◆ Information shown ◆
--------------------------------------------------

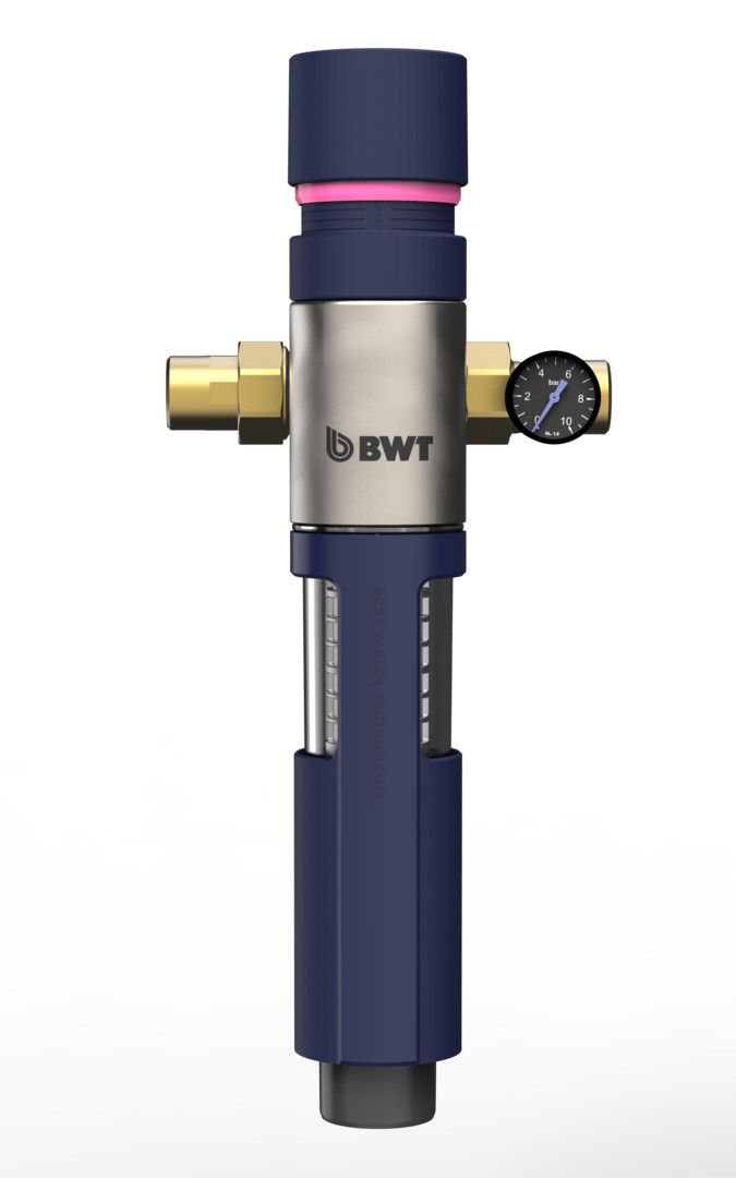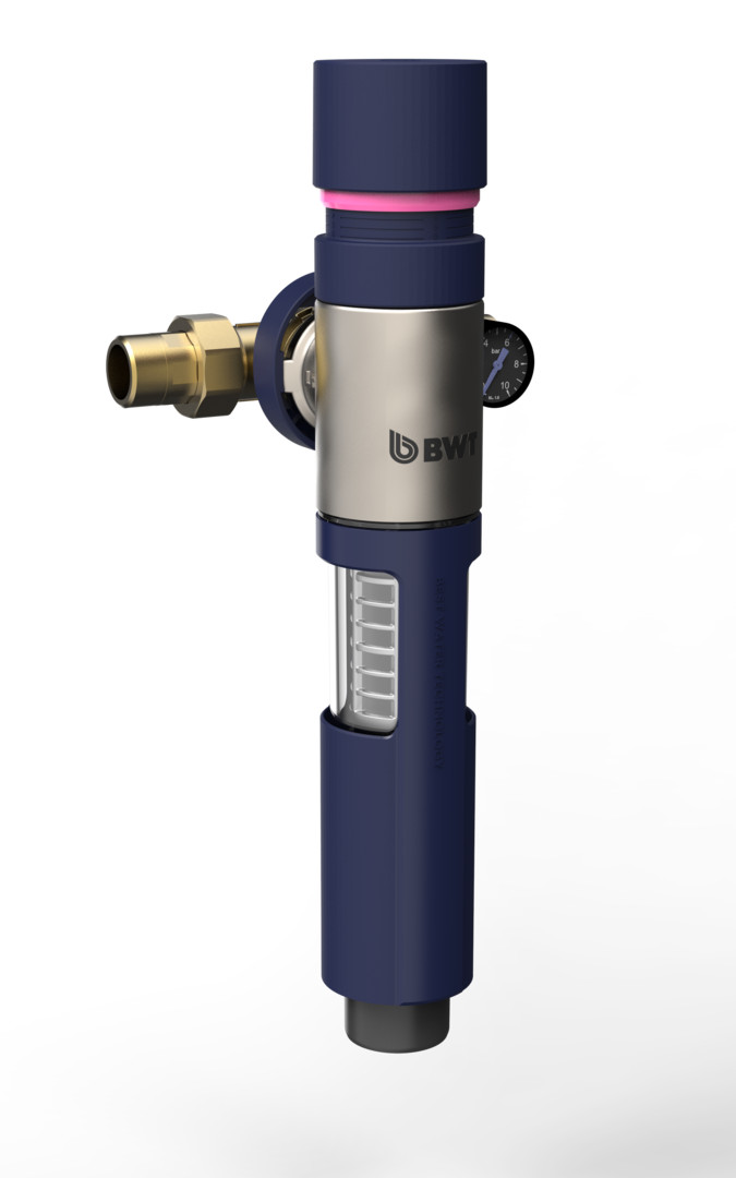 BWT MACH HWS 1" ist eine manuelle Rückspülfilter-Hauswasserstation mit integriertem Druckminderer für den waagrechten und senkrechten Einbau in die Trinkwasserleitung, mit Schnellverschlusstechnik, bleifrei
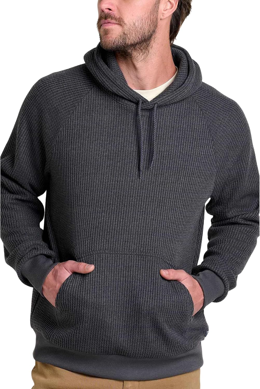 Introducing the Toad&Co Bitterroot Long Sleeve Hoodie, the perfect blend of style and comfort. We like to call this one the Hoodie Plus: All day wearability PLUS won't bag or sag between washes. Midweight waffle knit PLUS Mother Earth friendly recycled polyester. Made from a medium weight waffle fabric with a soft, brushed back, this heritage-inspired hoodie features long raglan sleeves and a straight hem. Regular fit and pullover style. Drawcord hood with ribbed cuffs and hem. Front kangaroo pocket. 98% recycled polyester, 2% elastane. Machine washable.
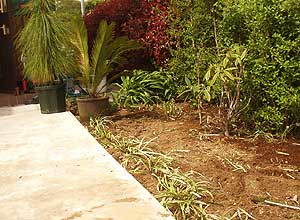 今回のターゲットは玄関に向かって右側のスペース。今までは母が適当にいろいろな植物を植えている場所でした。
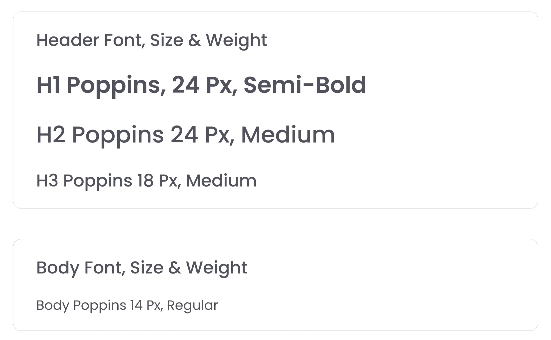 Sans Serif typeface is clean and easy to read and provides a positive impact on accessibility. Poppins, used at a minimum 14 points, optimizes legibility while promoting a clean and modern feel.

--------------------------------------------------

◆ Problem description ◆
The required output is the line containing "今回のターゲットは玄関に向か" plus every line after it to the end of the data, copied exactly and with no pictures.

◆ Task output ◆
 今回のターゲットは玄関に向かって右側のスペース。今までは母が適当にいろいろな植物を植えている場所でした。
 Sans Serif typeface is clean and easy to read and provides a positive impact on accessibility. Poppins, used at a minimum 14 points, optimizes legibility while promoting a clean and modern feel.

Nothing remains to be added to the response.